__To do__
Return only the lines of the data below from the line with "COBIZI Easy Assembly" up to and including the line with "Figure 7. The", exactly as written, with the pictures omitted.

__Available data__
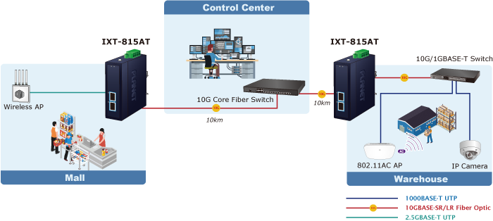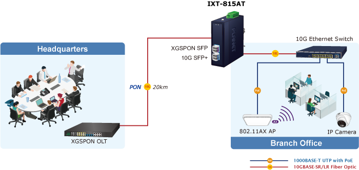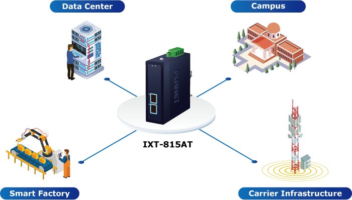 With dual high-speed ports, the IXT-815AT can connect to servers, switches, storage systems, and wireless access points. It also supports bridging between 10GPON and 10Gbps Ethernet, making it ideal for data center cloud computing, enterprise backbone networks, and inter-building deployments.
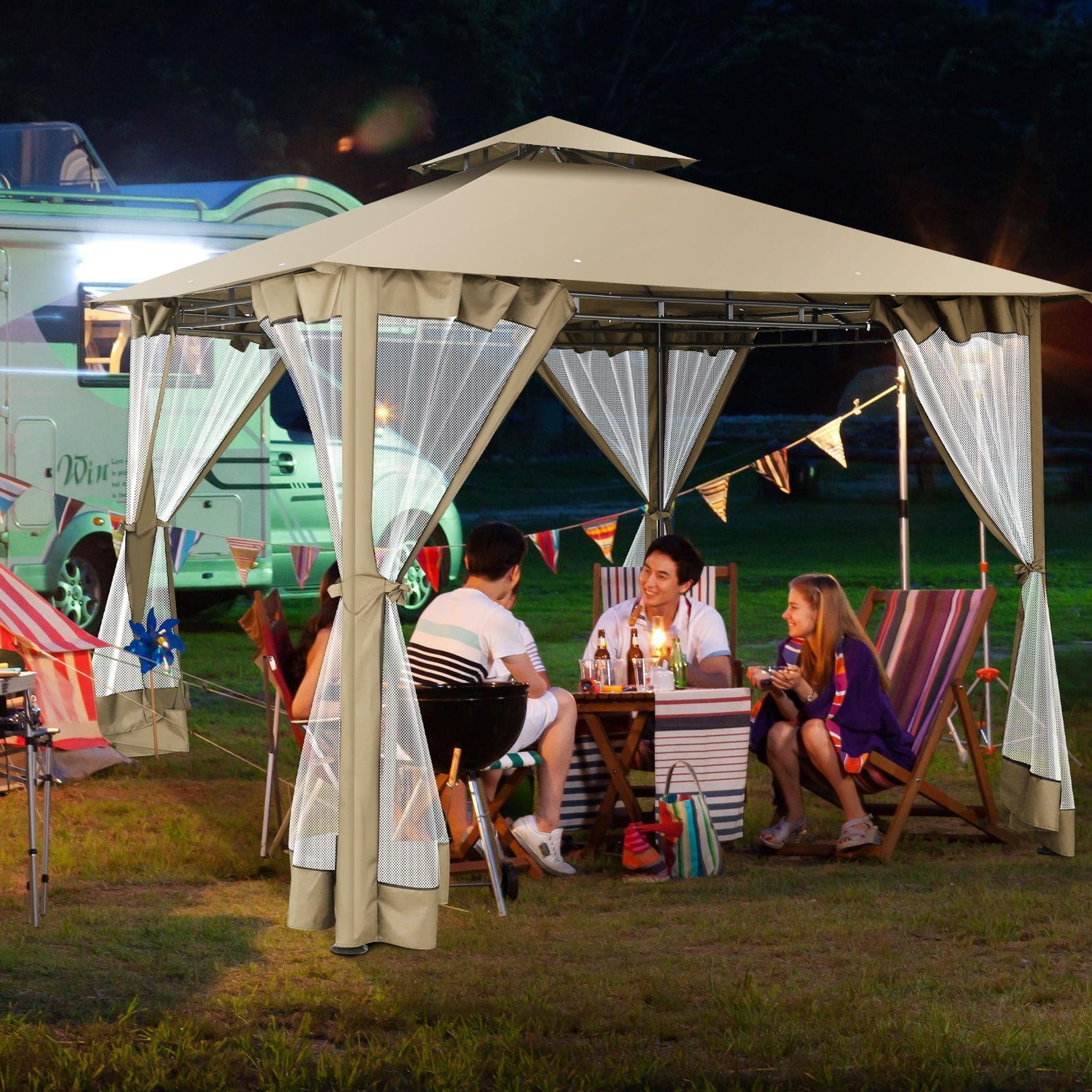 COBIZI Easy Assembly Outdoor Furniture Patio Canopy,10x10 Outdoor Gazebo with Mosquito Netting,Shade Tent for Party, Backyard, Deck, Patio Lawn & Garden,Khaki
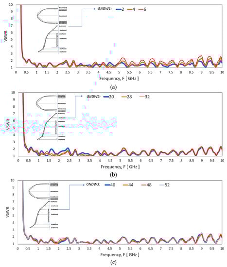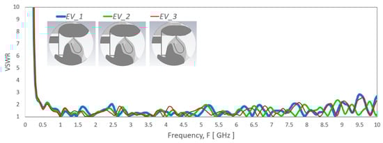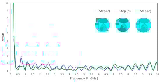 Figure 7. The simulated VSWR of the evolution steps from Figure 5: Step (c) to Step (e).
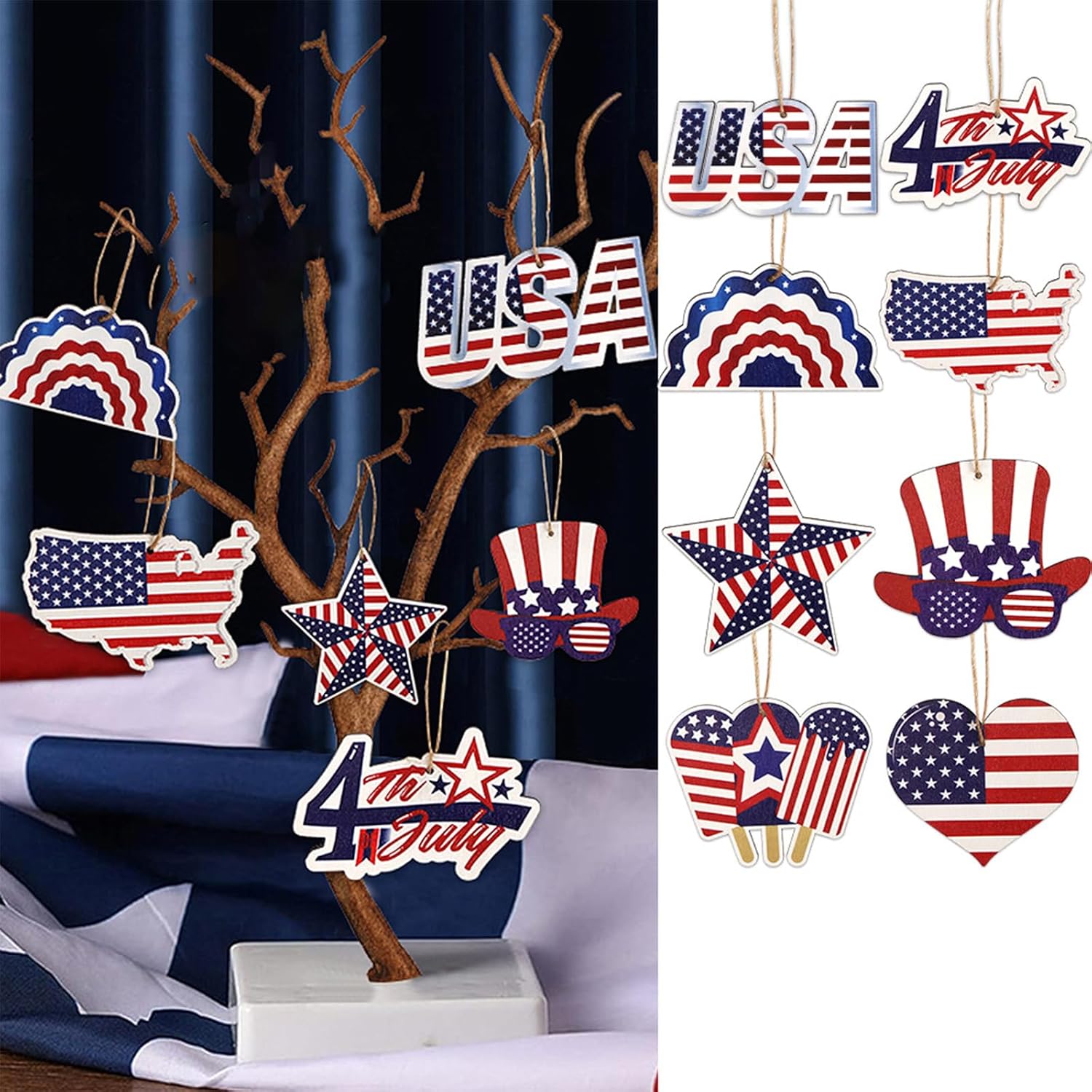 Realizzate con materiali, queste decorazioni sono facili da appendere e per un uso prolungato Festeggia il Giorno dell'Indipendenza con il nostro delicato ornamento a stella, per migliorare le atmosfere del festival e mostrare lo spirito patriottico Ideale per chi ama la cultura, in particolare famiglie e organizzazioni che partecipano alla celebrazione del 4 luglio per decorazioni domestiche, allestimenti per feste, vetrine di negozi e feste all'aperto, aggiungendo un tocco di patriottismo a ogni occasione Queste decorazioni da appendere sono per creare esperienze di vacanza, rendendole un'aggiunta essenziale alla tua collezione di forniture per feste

__Task solution__
 COBIZI Easy Assembly Outdoor Furniture Patio Canopy,10x10 Outdoor Gazebo with Mosquito Netting,Shade Tent for Party, Backyard, Deck, Patio Lawn & Garden,Khaki
 Figure 7. The simulated VSWR of the evolution steps from Figure 5: Step (c) to Step (e).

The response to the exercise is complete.